### What you have to do
Please copy exactly the part of the records below that opens with the line containing "U igri Lucky" and closes with the line containing "王昊老师带来的《信息技术与人", leaving out any pictures.
::: Given records :::
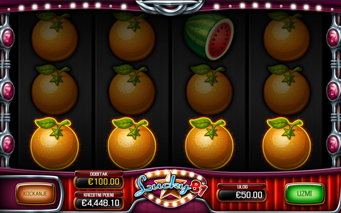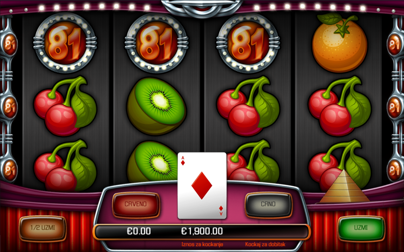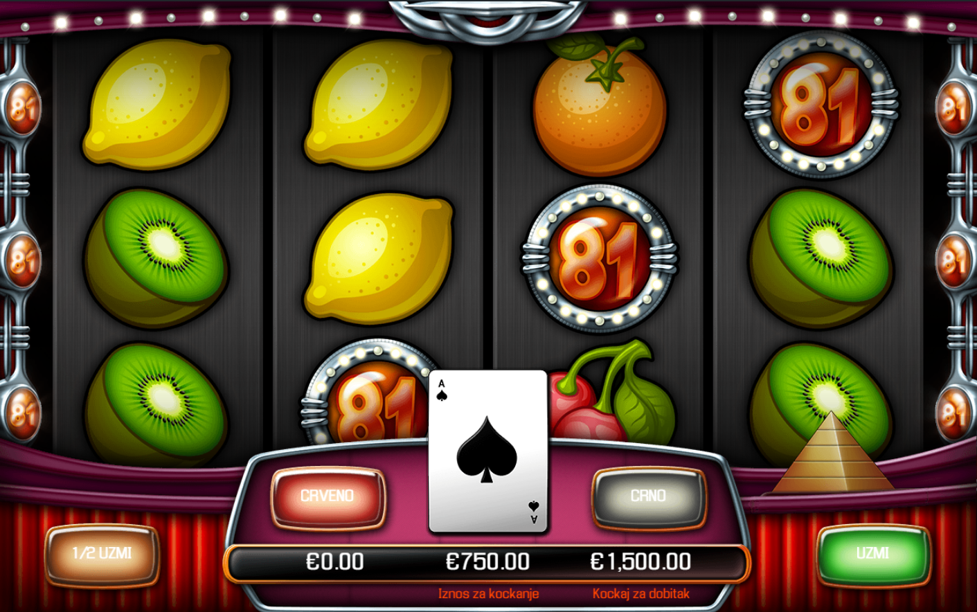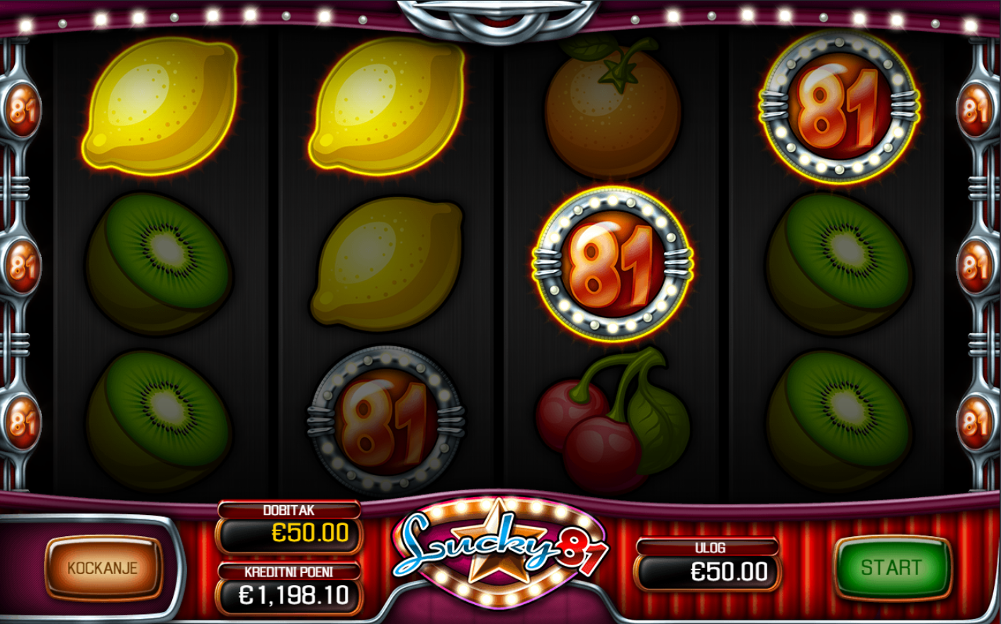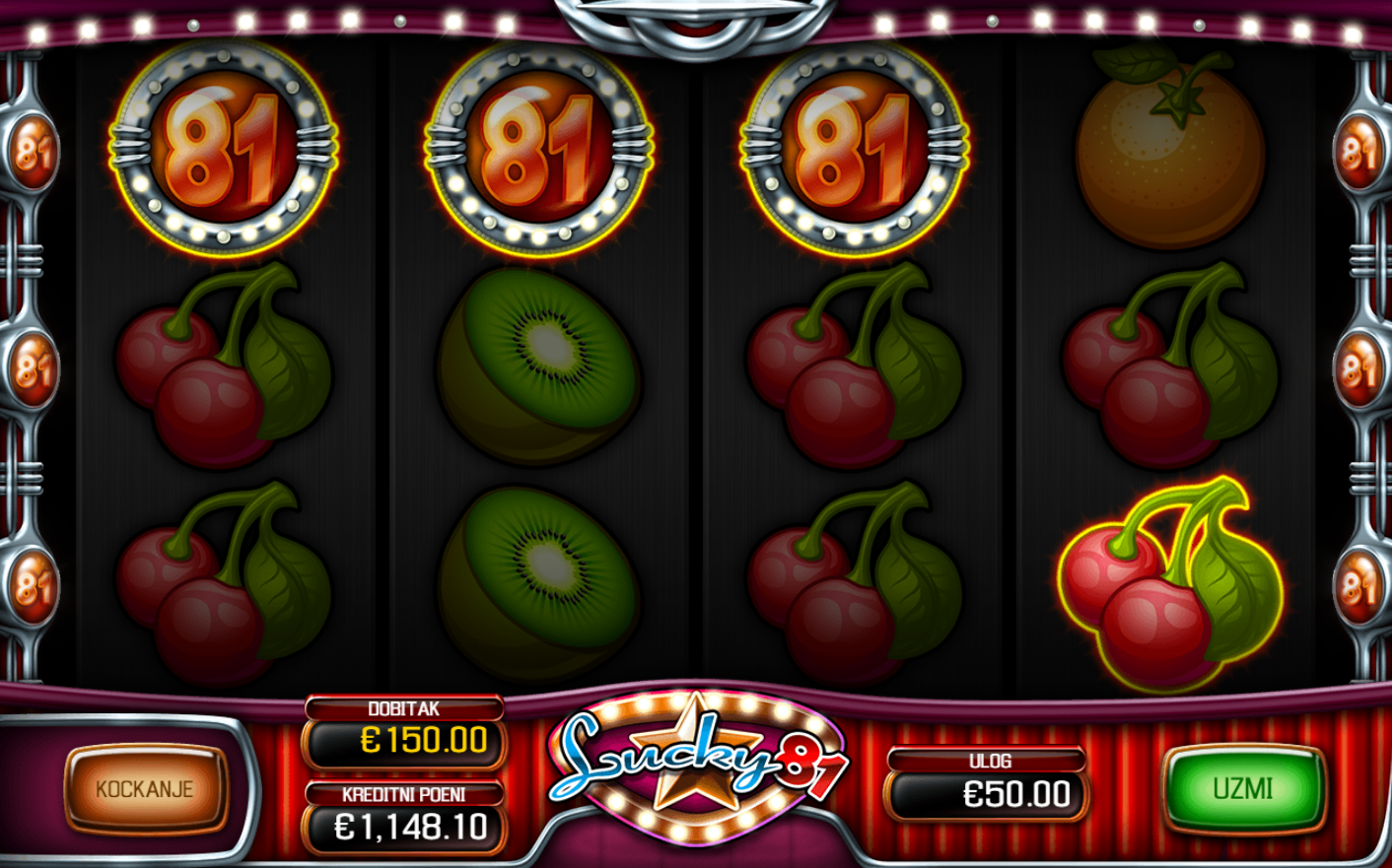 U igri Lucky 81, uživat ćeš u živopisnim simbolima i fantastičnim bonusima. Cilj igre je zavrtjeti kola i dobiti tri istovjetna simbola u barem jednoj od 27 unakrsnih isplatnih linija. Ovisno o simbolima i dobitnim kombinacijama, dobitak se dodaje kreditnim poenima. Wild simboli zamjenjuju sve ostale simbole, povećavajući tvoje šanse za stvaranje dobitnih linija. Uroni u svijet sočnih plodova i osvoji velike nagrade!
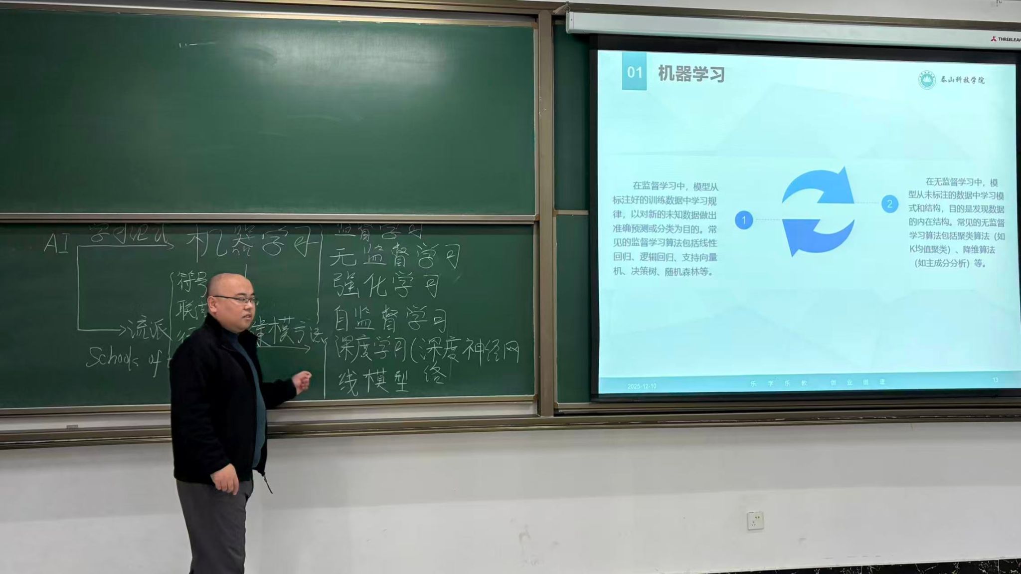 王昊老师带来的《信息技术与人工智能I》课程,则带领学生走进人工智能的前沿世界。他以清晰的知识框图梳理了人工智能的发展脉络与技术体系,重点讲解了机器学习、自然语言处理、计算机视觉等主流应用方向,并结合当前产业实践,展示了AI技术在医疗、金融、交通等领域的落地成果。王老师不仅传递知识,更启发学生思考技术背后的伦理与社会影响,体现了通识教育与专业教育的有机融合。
:::
::: Given records :::
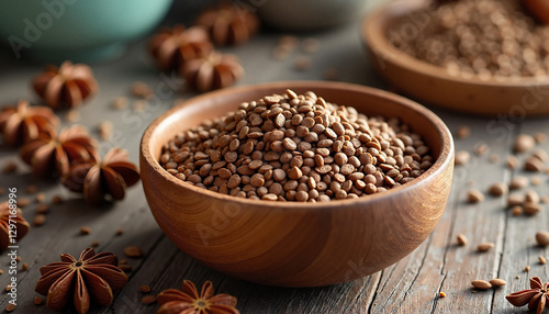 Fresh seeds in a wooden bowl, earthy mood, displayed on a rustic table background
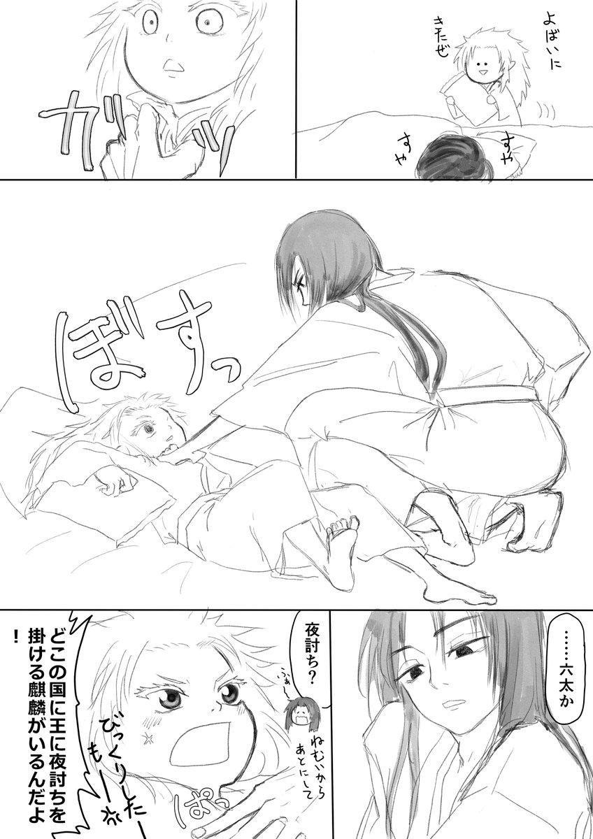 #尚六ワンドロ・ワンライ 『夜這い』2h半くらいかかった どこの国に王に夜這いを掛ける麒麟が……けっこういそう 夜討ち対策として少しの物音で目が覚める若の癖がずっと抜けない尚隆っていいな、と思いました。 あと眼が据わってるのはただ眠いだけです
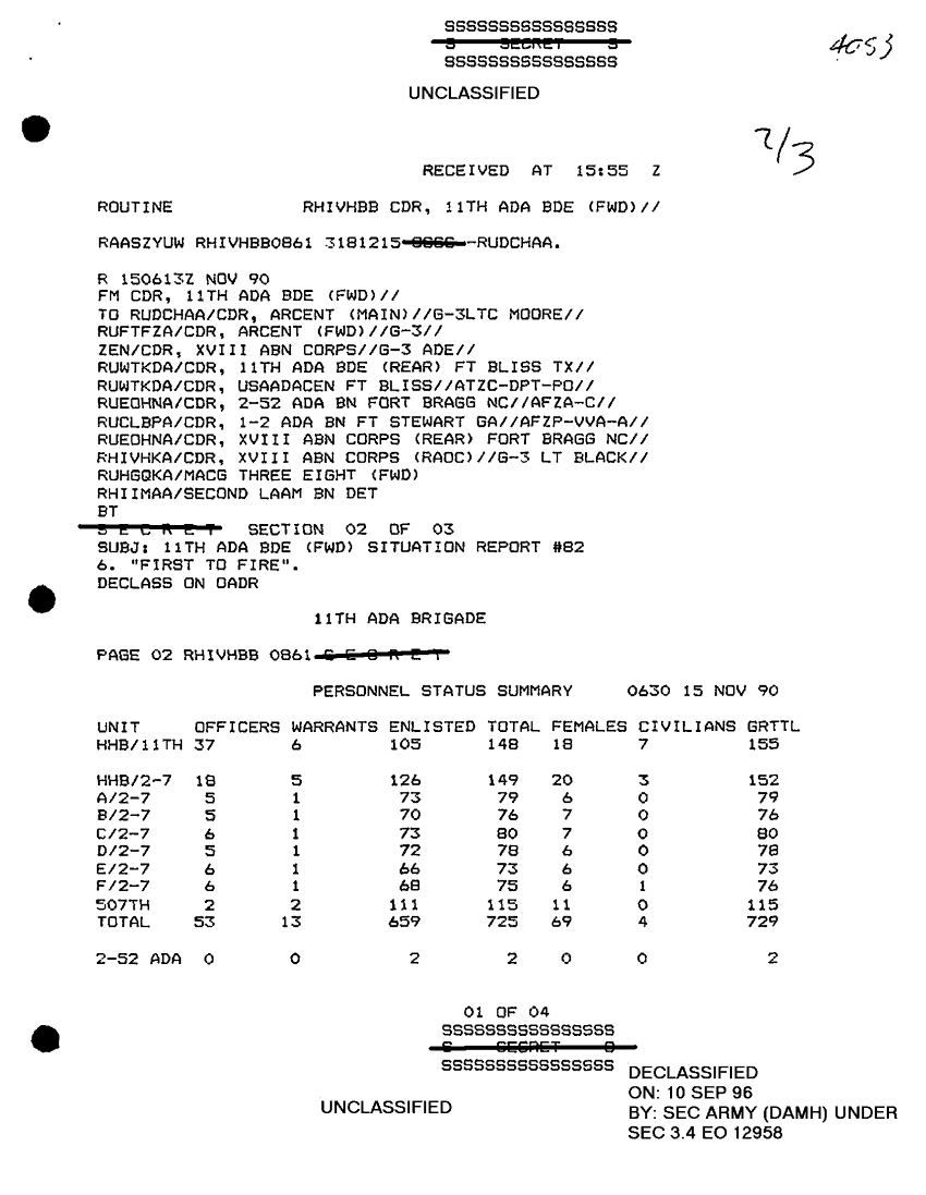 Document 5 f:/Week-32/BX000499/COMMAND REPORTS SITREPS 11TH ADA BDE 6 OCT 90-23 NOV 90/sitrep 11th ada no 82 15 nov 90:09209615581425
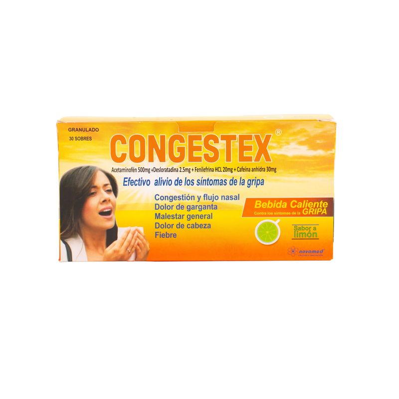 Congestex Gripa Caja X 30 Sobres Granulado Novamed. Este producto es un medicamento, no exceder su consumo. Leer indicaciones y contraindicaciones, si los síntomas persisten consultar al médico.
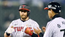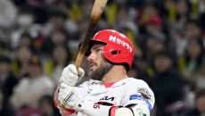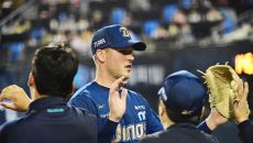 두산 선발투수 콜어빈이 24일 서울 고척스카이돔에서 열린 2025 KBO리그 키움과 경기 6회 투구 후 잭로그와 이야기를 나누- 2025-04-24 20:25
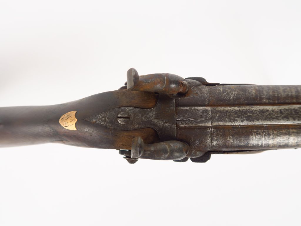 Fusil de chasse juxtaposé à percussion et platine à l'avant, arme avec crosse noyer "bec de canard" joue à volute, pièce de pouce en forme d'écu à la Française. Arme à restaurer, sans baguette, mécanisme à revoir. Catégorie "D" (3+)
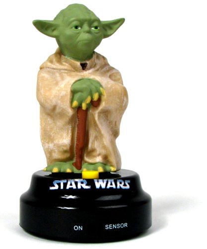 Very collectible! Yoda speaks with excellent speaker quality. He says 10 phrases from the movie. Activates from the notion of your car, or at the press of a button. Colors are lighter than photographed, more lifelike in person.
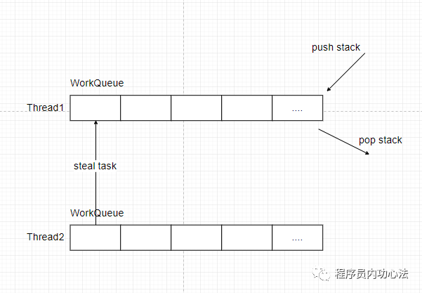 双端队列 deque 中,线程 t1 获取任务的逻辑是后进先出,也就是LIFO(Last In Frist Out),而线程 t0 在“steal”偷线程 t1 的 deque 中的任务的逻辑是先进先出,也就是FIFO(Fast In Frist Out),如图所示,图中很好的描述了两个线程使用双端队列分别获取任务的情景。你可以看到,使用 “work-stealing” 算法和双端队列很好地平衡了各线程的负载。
:::
::: Given records :::
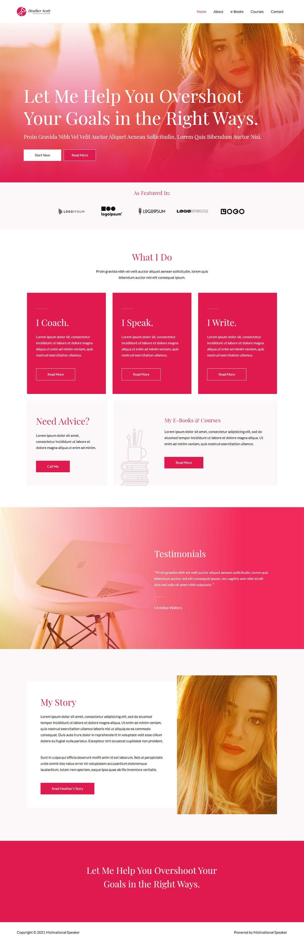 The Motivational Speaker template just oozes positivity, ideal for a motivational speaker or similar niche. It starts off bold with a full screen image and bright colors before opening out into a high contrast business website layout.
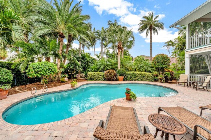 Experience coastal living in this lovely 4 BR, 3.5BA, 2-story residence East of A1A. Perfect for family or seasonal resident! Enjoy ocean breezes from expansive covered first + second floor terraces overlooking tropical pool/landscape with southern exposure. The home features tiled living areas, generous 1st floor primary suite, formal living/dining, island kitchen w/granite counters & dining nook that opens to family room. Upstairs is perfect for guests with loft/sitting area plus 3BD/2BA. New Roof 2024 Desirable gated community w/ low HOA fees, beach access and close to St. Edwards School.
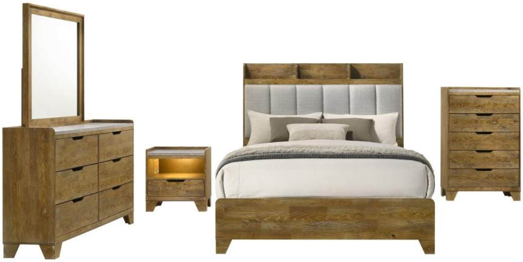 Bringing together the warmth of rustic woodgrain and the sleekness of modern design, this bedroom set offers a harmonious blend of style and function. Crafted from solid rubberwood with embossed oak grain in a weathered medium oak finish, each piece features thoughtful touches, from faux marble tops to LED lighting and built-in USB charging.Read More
:::
### Answer for the task
 U igri Lucky 81, uživat ćeš u živopisnim simbolima i fantastičnim bonusima. Cilj igre je zavrtjeti kola i dobiti tri istovjetna simbola u barem jednoj od 27 unakrsnih isplatnih linija. Ovisno o simbolima i dobitnim kombinacijama, dobitak se dodaje kreditnim poenima. Wild simboli zamjenjuju sve ostale simbole, povećavajući tvoje šanse za stvaranje dobitnih linija. Uroni u svijet sočnih plodova i osvoji velike nagrade!
 王昊老师带来的《信息技术与人工智能I》课程,则带领学生走进人工智能的前沿世界。他以清晰的知识框图梳理了人工智能的发展脉络与技术体系,重点讲解了机器学习、自然语言处理、计算机视觉等主流应用方向,并结合当前产业实践,展示了AI技术在医疗、金融、交通等领域的落地成果。王老师不仅传递知识,更启发学生思考技术背后的伦理与社会影响,体现了通识教育与专业教育的有机融合。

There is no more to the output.